Learner Profile
Elizabeth Altman
HMX Courses
Elizabeth Altman entered Union College as a biology major with tentative plans to go into medicine, but it wasn’t until she suffered an illness after her freshman year that she found a real motivation for her chosen career. “It was definitely a sparking point for me, being laid up in bed and trying to recover from surgery, and trying to figure out how I got there in the first place,” says Elizabeth. “I’m actually hoping to get into an MD/PhD program so that I can study both the molecular mechanisms of disease and be able to practice as well.” Elizabeth has worked in hospitals and research laboratories during her undergraduate career, and took HMX biochemistry and physiology courses while preparing for the medical school application process.
Why were you interested in HMX courses?
It was kind of a three-fold reason. One, I wanted to see if I really liked looking at these topics through a medical point of view, to verify that I wanted an MD career and not just a PhD research career. Secondly, I thought it would be great preparation for the MCAT. And third, I thought it would be great for upper-level biochem courses for me to have a background in that. While I haven’t taken the MCAT or obviously gone to medical school yet, I can say that it’s been really helpful for our upper-level biochem courses here. Just for example, we were talking about enzyme regulation today, and I felt so much more confident that I’d already talked about it and it wasn’t a totally new topic, so I was able to focus on the details as opposed to the basics.
What were your favorite parts of the courses?
For the physiology course, it was really the fact that the professor kept coming back to the same concepts to explain so many different phenomena in the body. I thought that was really helpful to make things clear and something that I could understand and apply to different scenarios even if it was something that we didn’t specifically go over in that course. So for example, he continuously used Ohm’s Law as the background for something – it was something that I had heard before in a different context in a physics class, and he was able to apply it to multiple things in the body that I had never thought that would work for. So being able to take that one concept that I had some experience with and apply it to medicine in a way that I hadn’t thought of is something that still sticks with me today.

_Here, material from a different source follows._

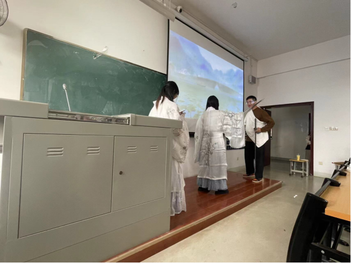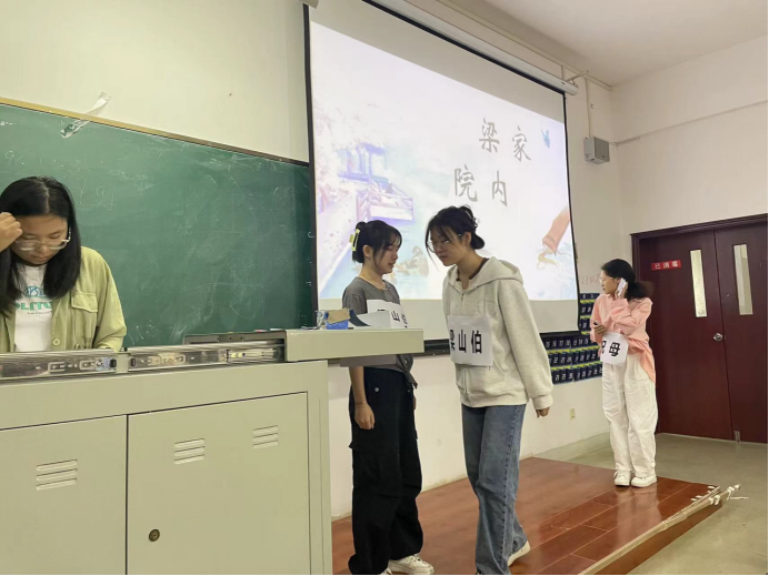 21级汉本2班的同学以约十人一组的形式,为大家进行了生动的展演,从活动结束后的反馈可以得知,普遍认为此次活动帮助大家深入了解了中国四大民间传说的价值。在表演练习中大家深入揣摩角色心理,为奉献出一场好的表演,不断进行头脑风暴,积极对传统故事进行时代性改编,为使演出效果更加契合原著,更是集思广益制作道具与布景。在前期准备的铺垫下,正式演出时演员们都拿出来十二分的精力,从一开始排练紧张得一言不发,到上台时的轻车熟路,绘声绘色地让大家觉得书本中的人物“活”了过来。通过本次的小组汇演,不仅使宝贵的文化遗产在当代得到传承和发扬,更厚植了当代大学生对中国传统民间故事影响深远的文化情怀。

For the biochemistry course, I would definitely say that [I appreciated] the relationship between the two professors that were teaching it, and how they would so clearly tie in their own specialties…They had such a good conversation and were able to ask each other questions that built off each other, so they emphasized the molecular understanding and brought it up to a patient understanding. So you could both zoom in and zoom out in the scenario and still understand what was going on.
What aspects of the online learning experience did you find most helpful?

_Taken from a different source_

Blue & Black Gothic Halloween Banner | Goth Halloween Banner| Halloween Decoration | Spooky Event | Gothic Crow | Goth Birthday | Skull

I loved that at the end of each video there were questions that you could check yourself with – that was a great way for me to say either I really understand what’s going on or I need to re-listen to that video because I obviously missed something. That’s something that some of the professors will do here in the middle of class, they’ll stop and have us do a couple questions as a group, but it’s never as helpful as it is when you’re sitting there and you’re working through it by yourself in a room, alone, just focusing on the material. I think that was really, really helpful and I wish that was incorporated more in in-person classrooms.

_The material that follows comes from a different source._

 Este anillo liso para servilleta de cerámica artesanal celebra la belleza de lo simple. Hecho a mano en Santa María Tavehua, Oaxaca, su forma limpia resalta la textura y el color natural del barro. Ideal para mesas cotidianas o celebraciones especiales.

How are you using what you’ve learned in your other courses?
I think it’s really helpful to just review the notes, and especially taking a biochemistry course now…I continuously go back to my notes and just really try to incorporate things from that into my understanding.
Would you recommend HMX courses to other pre-med students?
It was really helpful for me to confirm that I enjoy the medical view of science and not just the research view. I think it would also be very helpful for someone who has only considered pre-medical routes for their life, to be able to look at the molecular mechanisms that maybe you don’t talk about as much in your pre-med courses. So I think going back to seeing the molecular ties to what’s going on systemically in the body was really important to me to verify that this is what I want to do, and also get excited going into the super-stressful application process.